3.1 Hallucinations, reasoning errors and biases

LLMs are probabilistic machines, not factual knowledge bases. They have no notion of "true" or "false", only "plausible". This nature creates three major types of defects that the MagicFridge QA team must identify and mitigate.

3.1.1 Hallucinations, reasoning errors and biases in generative AI

To effectively test GUS (our AI), we first need to know how to name the problems. The syllabus distinguishes three categories of defects:

1. Hallucinations

A hallucination is a response generated by the AI that is grammatically correct and confident, but factually incorrect or invented relative to reality or the provided context.

Red thread: MagicFridge

A user asks: "What are the benefits of the 'Lompon' fruit?"

GUS's response: "The Lompon is a rare citrus fruit from Southeast Asia, rich in Vitamin C and excellent for digestion."

The problem: The "Lompon" does not exist.

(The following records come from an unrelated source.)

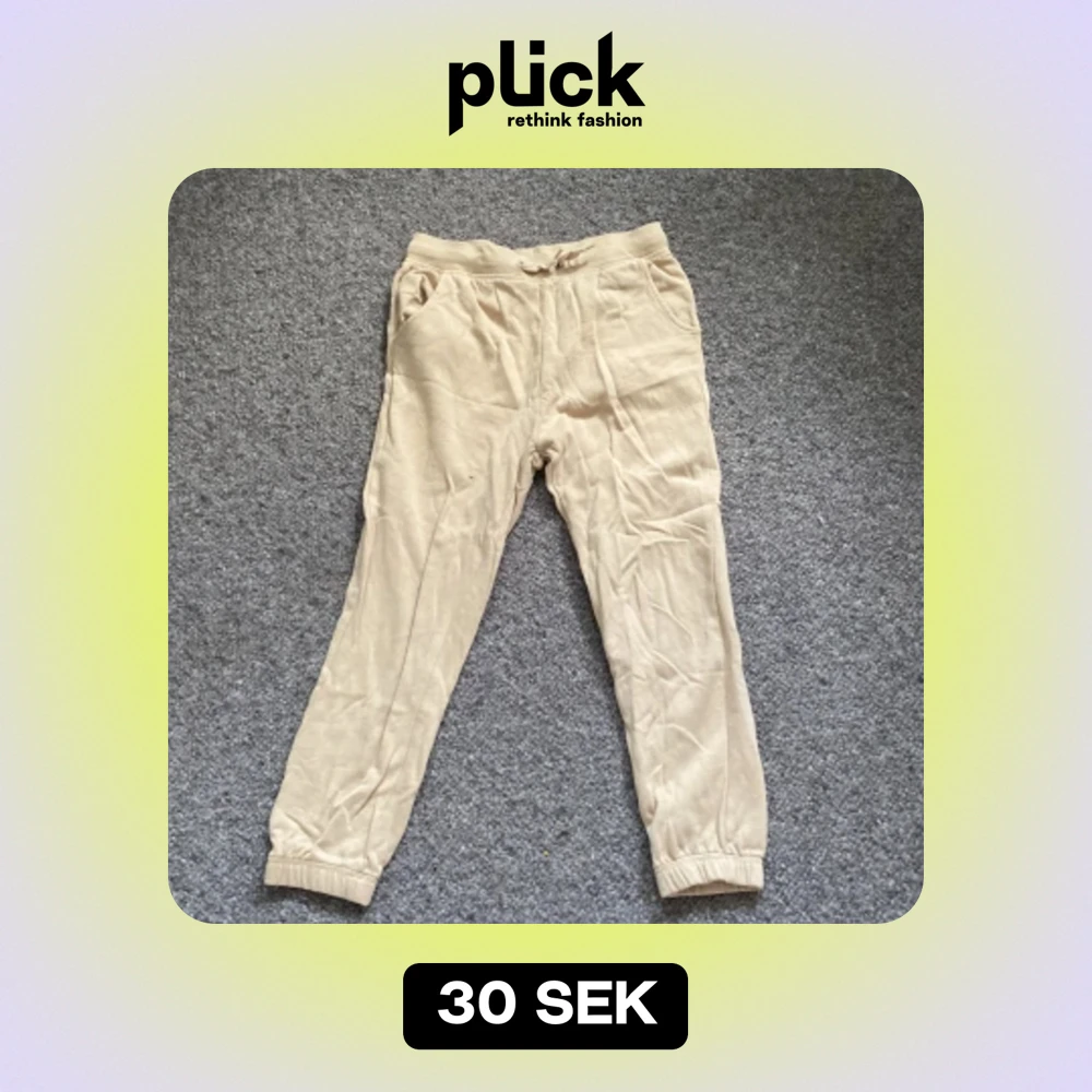 Säljer ett par bekväma beige mjukisbyxor i storlek 157/160. Byxorna har en elastisk midja med snörning och muddar vid bensluten. Perfekta för en avslappnad dag hemma eller för att chilla med kompisar. De är i bra skick och redo för en ny ägare! Köparen betalar för frakt!
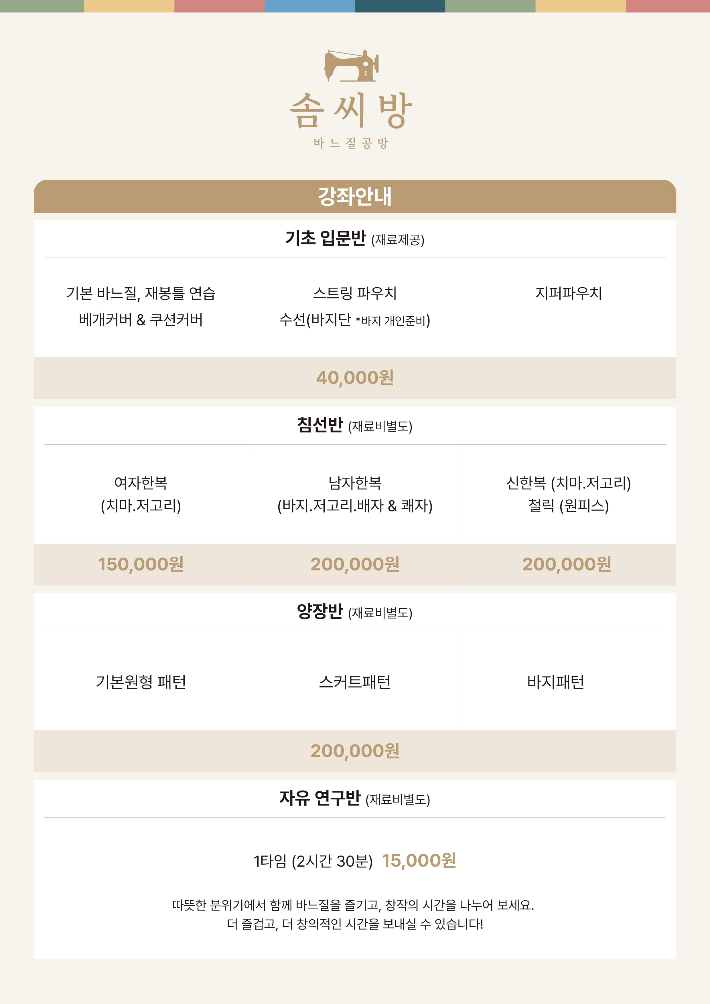 1:1 맞춤 지도로 바느질 기초부터 응용까지 차근차근 배워보세요.
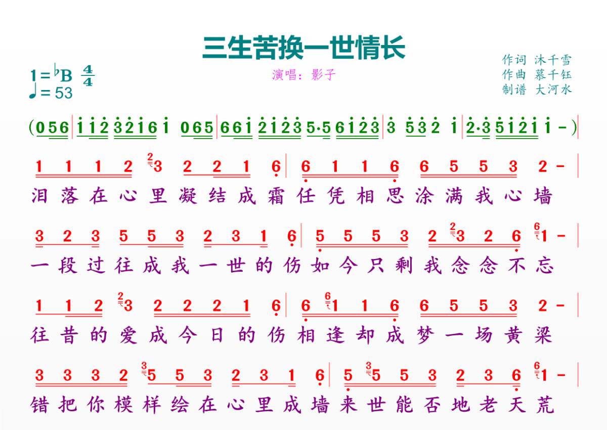 三生苦换一世情长简谱 - 影子

GUS invented this fruit entirely because the name sounded plausible. This is a pure hallucination.

2. Reasoning errors

Unlike hallucinations (which are knowledge errors), reasoning errors occur when the AI fails to follow logic, mathematics, or a sequence of steps, even if the starting data is correct.

Red thread: MagicFridge

Prompt: "I have 3 eggs. The recipe requires 4. How many am I missing?"

GUS's response: "You are missing 2 eggs."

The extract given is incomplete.